The key issue is that knowing the facts beforehand is much better than finding out the facts afterwards. Mark your calendar to start working on this in early November.
Uses Of Profit
So what is profit used for besides bonuses? This is the way that I think about it, and what we used profit for.
New capabilities or strategic projects – software, training, staff position, equipment, marketing initiatives
Furniture, Fixtures, Equipment – purchase and replacement
Growth of staff – equip, orient, train
Working capital
Donations (although we tried to do this by buying advertising, an expense)
Office space – buy, build, renovate
Profit Allocation
So if you have decided on bonuses, a new plotter, and a marketing initiative, you have probably just decided on how to allocate your profit. In fact my experience is that trying to allocate profit by some formula never seems to work out. Instead, if you give some thought to what you would do with a profit of $xx,xxx, this always seems to ‘allocate’ the profit. It also gives you a target to shoot for. Consider turning the process around, and decide what you would like to do, and how much profit that will take. Put numbers on each item, add them up, and you have your profit target – or at least your first stab at a target.
If you don’t go through this exercise, you don’t really have a way to determine what your hourly rates should be. If you aren’t charging enough to give bonuses, then you can’t give bonuses without going broke. Profit gets factored into hourly rates, design budgets – make it conscious.
Markup In Profit Planning
To move beyond using an arbitrary percentage markup, plan how much profit you would like by budgeting amounts for your profit allocation. Here’s an example:
Lets say your breakeven budget is $400,000. To achieve your profit goal your total revenue has to be $450,000. What percent markup of your breakeven budget gives you the profit you want? See the example again. [Download the spreadsheet.]

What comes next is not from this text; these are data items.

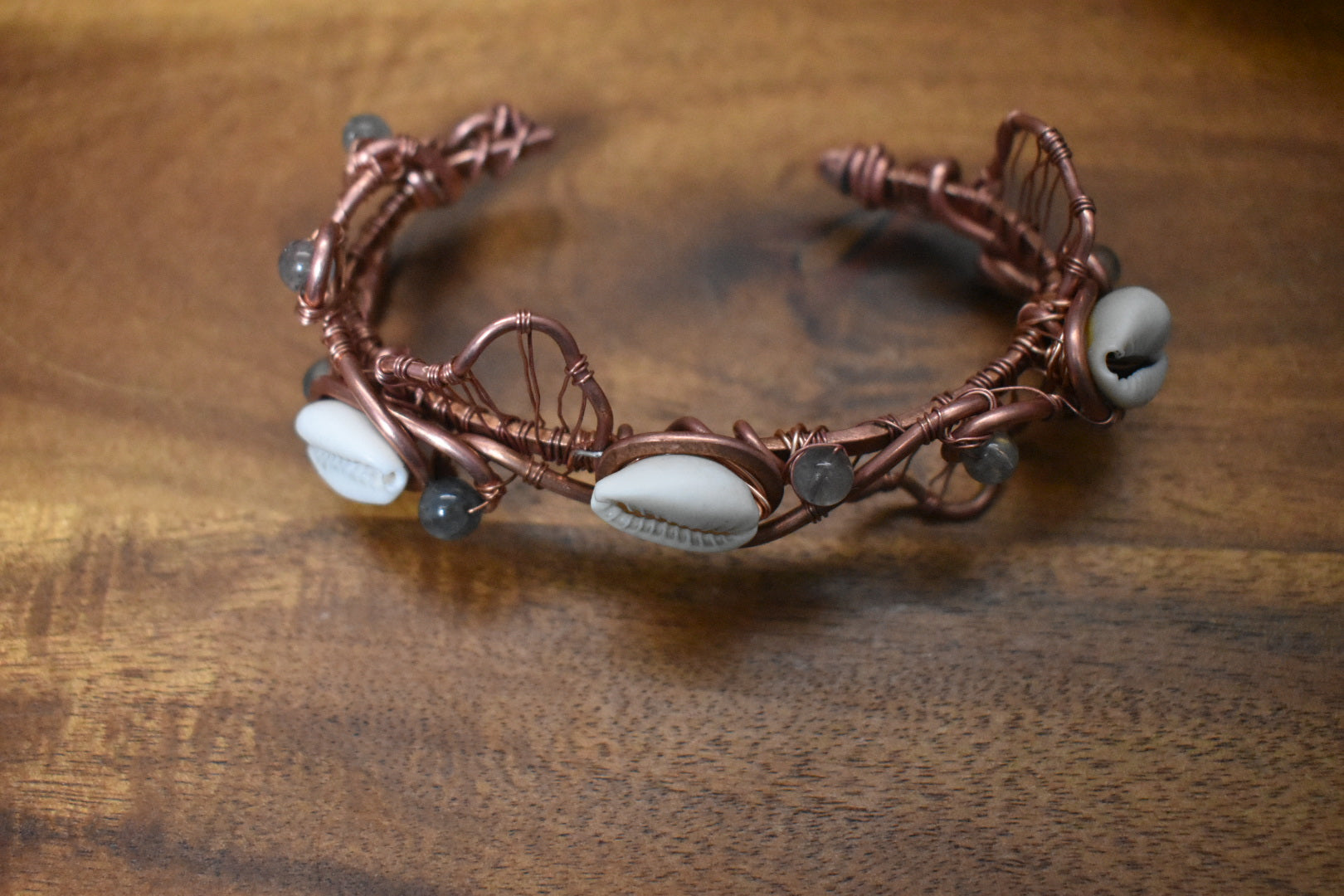 Cowrie shells, sacred vessels of protection and fertility, are woven into the flowing copper framework, mirroring the celestial streams that traverse the heavens. Labradorite stones glisten among the coils, guarding hidden pathways and illuminating the unseen crossings between realms.
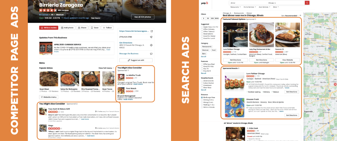 Yelp Ads place your business at the top of relevant search results and on competitor pages, giving you exposure you wouldn’t get organically—especially helpful in competitive categories.
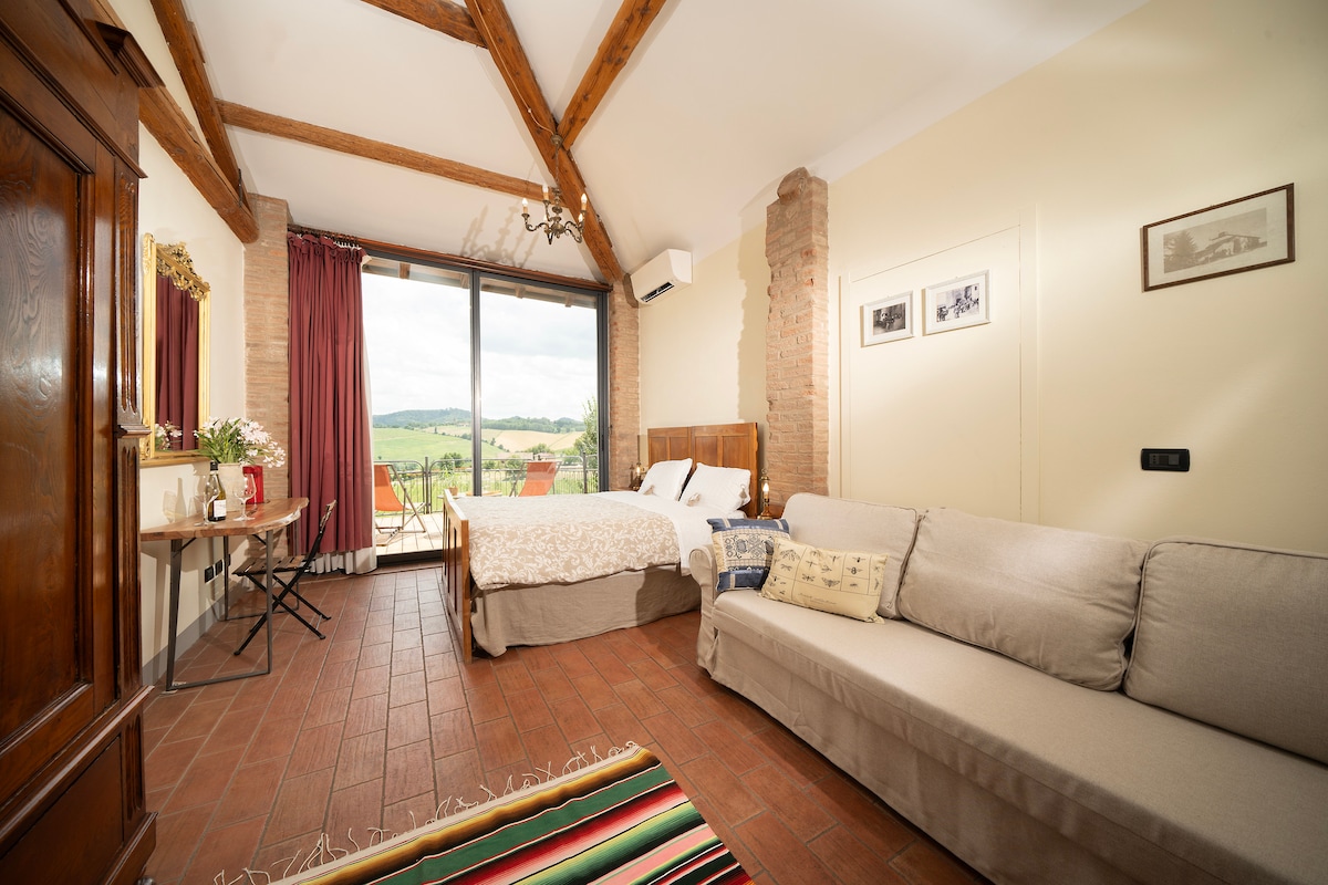 Ubicado en el verde de las Colinas Boloñesas, nuestro loft es una dependencia renovada con todas las comodidades, perfecta para una escapada relajante. Disfruta de las vistas al viñedo y al huerto familiar en un entorno ecológico, gracias a paneles solares y calefacción eléctrica. Dispone de: - Una cama doble - Baño con ducha y lavadora - Aparcamiento privado con estación de carga para coches eléctricos - Vistas al viñedo y al huerto ¡Un oasis de tranquilidad a pocos pasos de la ciudad!

You need a markup of 112.5%. You will multiply the factor of 1.125 times your BE hourly rates to arrive at billing rates that generate the profit that you want. (Note that $50,000 is not 12.5% of your total income. It is 11.1%. 11.1% is your profit margin. The markup is always larger than the profit margin.)
There are so many things that can derail your profit planning that I think it is prudent to include a contingency markup on your markup. That’s why we invariably used a markup of 120%.
If you get comfortable with a certain percentage markup, you could use that assumption and work backwards in the table to see what that markup will allow you to accomplish. We often made a broad allocation of 75%/25%, for bonuses / other things, respectively.
Thinking about profit and what you would do with it seems to inevitably lead to thinking about how you would hit the target. What will it take? This kind of planning is always a good thing.
A lot of this profit discussion may not seem like it applies to one or two man firms, but I think it should. If you are going to take on the responsibility for running the firm in addition to doing the work, I think you ought to get more than a salary for your efforts. Otherwise you are “paying” for the privilege of calling the shots, rather than being rewarded for it.
I wouldn’t expect everyone to agree with my take on profit. After all, most architects have to make this stuff up as they go along. I certainly did. So if you have insights, please share with us in the comments.